Well, depending of course on where you reside along the political spectrum that marks the critical juncture between embracing national security at all cost and loathing big brother.
After all, in this day and age, one in which the terrorists have become the new bogeyman – the new Commies – can there really ever be too much government snooping?
Against the bad guys.
And now, with increasingly intrusive technology that comes straight out of the brave new world, the government has the capacity to know practically everything there is to know about practically anyone who needs to be kept track of.
Again, if they’re bad guys.
Some of course will view all of this from from a considerably more radical point of view than others. They will see the national secuity state as part and parcel of a political economy that is owned and operated by those who sustain the military industrial complex, the war economy, a corporate media and a crony capitalism that intertwines Wall Street, the Congress and the White House. And in a way that even folks like Rachel Madow won’t examine.
One more peek into how the world is really run.
In a sense though this story is much like the Trump/Putin story today. It outrages those who will always be outraged by the folks who run governments from behind the curtains. But for the preponderance of those citizens who reside out in the “Heartland”, they really don’t see what the fuss is all about.
And for what it’s worth: "This [film] is a dramatization of actual events that occured between 2004 and 2013. "
IMDb
[b]To make sure the screenplay was not hacked or leaked, Oliver Stone wrote the script on a single computer with no Internet connection.

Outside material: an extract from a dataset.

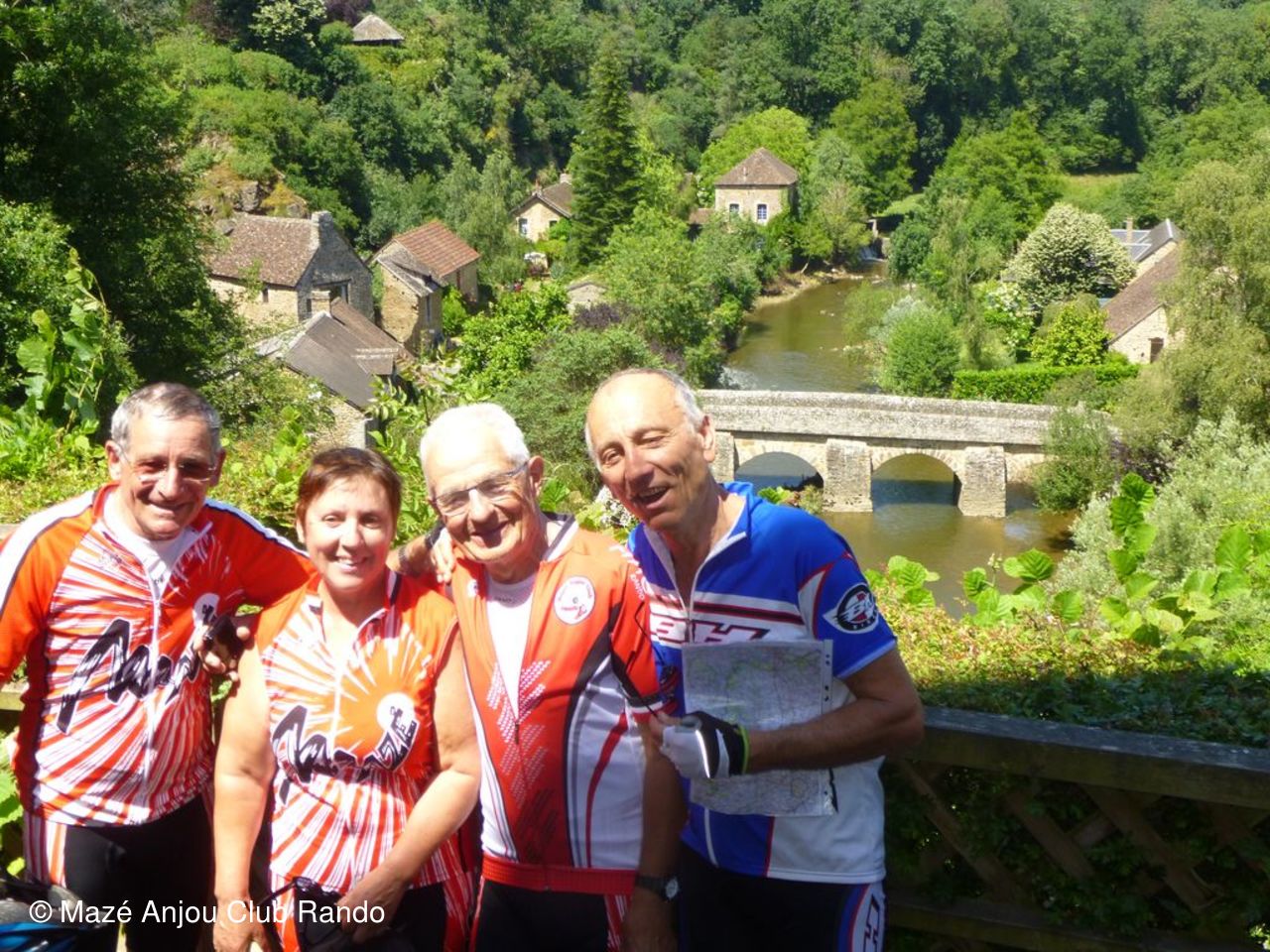 26 juin - L'après-midi, à Asnières-sur-Vègre : devant le pont

Joseph Gordon-Levitt pledged to donate his entire salary from the film to “help facilitate the conversation” about the relationship between technology and democracy.

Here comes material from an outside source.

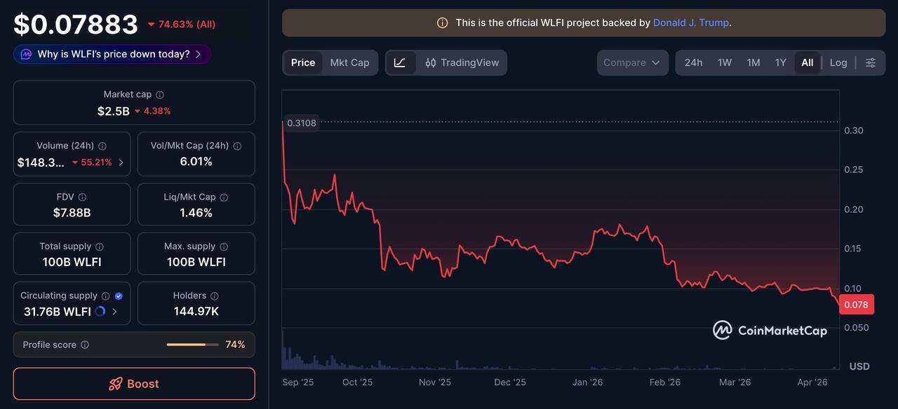 The WLFI token has crashed by nearly 75% since the all-time high reached in September 2025. Source: CoinMarketCap

The real Edward Snowden advised Oliver Stone that the NSA’s command centers are actually run on tight budgets and are far less glamorous than they appear in movies and TV shows. [/b]
trivia at IMDb: imdb.com/title/tt3774114/tri … =ttqu_sa_1
at wiki: en.wikipedia.org/wiki/Snowden_(film
trailer: youtu.be/QlSAiI3xMh4
SNOWDEN [2016]
Written in part and directed by Oliver Stone
[b]Doctor [to Snowden: If you ever again land on your feet again, airborne or not, your bones will turn to powder. I’m going to authorize an administrative discharge. Plenty of other ways to serve your country.
…
Examiner: Have you committed a crime that you have not been caught?
Snowden: No.
Examiner: Have you ever cheated on an exam?
Snowden: No.
Examiner: Do you believe the United States is the greatest country in the world?
Snowden: Yes.
Examiner: Why do you want to join the CIA?
…
Interviewer [Corbin O’brian]: What has been the most important day of your life?

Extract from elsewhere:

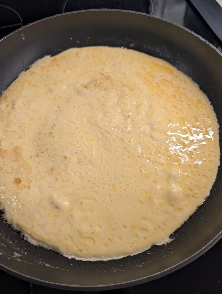 To make this recipe you need to add milk and flour to your eggs and cook as normal.

Snowden: 9/11. We thought my grandfather was inside the Pentagon. Turned out he was off-site that day.
Interviewer: You wanted to be Special Forces?
Snowden: Yes, sir. I loved their motto: De Oppresso Liber.
Interviewer: Is that what you hope to do with us? Free people from oppression?
Snowden: I’d like to help my country make a difference in the world.
…
Interviewer: Any other influences?
Snowden: I’d say Joseph Campbell, Star Wars, Thoreau, Ayn Rand…
Interviewer: One man can stop the motor of the world. Atlas Shrugged.
Snowden: Yes, sir. I believe that.
…
Snowden: Is that a Cray-1?
Hank: Why, yes. Yes, it is. The first supercomputer. You can get all of this on a cell phone now.
Snowden: So, you’re, um, an engineer?
Hank: Am I an engineer? Instructor and counselor, too. I’m supposed to keep an eye on you CTs, make sure you don’t buckle under the pressure. Turn to drugs and booze.
Snowden: Well, you won’t have that problem with me. I don’t drink or do drugs.
Hank: What is your sin of choice?
Snowden: Uh, computers.
Hank: Well, then, Snowden, you’ve come to the right little whorehouse.
…
Snowden: Mr. O’brian. I’m done.
O’brian: You don’t have to tell me when you’ve completed a stage.
Snowden: No, I finished the whole thing.
O’brian: It’s been 40 minutes.
Snowden: 38. 38 minutes.
O’brian: Okay, let’s see where you screwed up.
[O’brian walks to Snowden’s computer to confirm it…only to confirm Snowden’s accomplishment instead]
Snowden: You didn’t say we had to do it in order, sir. So I, uh, broke the sequence to save time, and I automated the backup processes to run as I built the site.
…
Lindsay: I’m not talking about the troops. I’m talking about the moron sending them to war.
Snowden: Moron? Do you mean our Commander-in-Chief?
Lindsay: Yeah, whatever you want to call him, he’s still wrong.
Snowden: How do you know he’s wrong? You’re just lashing out…How about questioning the liberal media? I mean, you’re just buying into what one side is saying.
Lindsay: Maybe I am, 'cause my side is right.
Snowden: You see that’s funny 'cause my side’s right.
Lindsay: Why is it that smart conservatives make me so mad?
Snowden: Probably because you don’t like hearing the truth. [/b]
Of course, that’s where I come in. Snowden meets Lindsay, has discussions with folks like Hank and Gabriel. His frame of mind begins shifting…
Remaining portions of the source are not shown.